#### [YOUR INSTRUCTIONS]
Repeat the listing below word for word, minus the pictures.

#### [DATA BLOCK]
+++
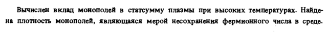 Вычислен вклад монополей в статсумму плазмы при высоких температурах. Найдена плотность монополей, являющаяся мерой несохранения фермионного числа в среде.
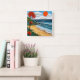 Layered paper art beach with a tree square wall clock
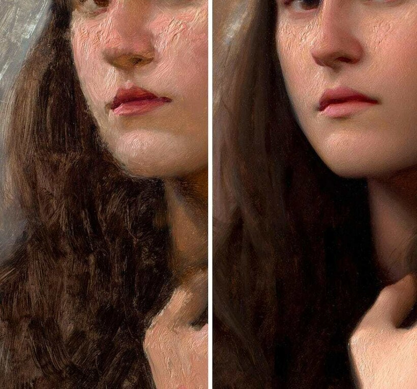 Картина с одним слоем краски и готовое произведение искусства
+++
#### [EXERCISE SOLUTION]
 Вычислен вклад монополей в статсумму плазмы при высоких температурах. Найдена плотность монополей, являющаяся мерой несохранения фермионного числа в среде.
 Layered paper art beach with a tree square wall clock
 Картина с одним слоем краски и готовое произведение искусства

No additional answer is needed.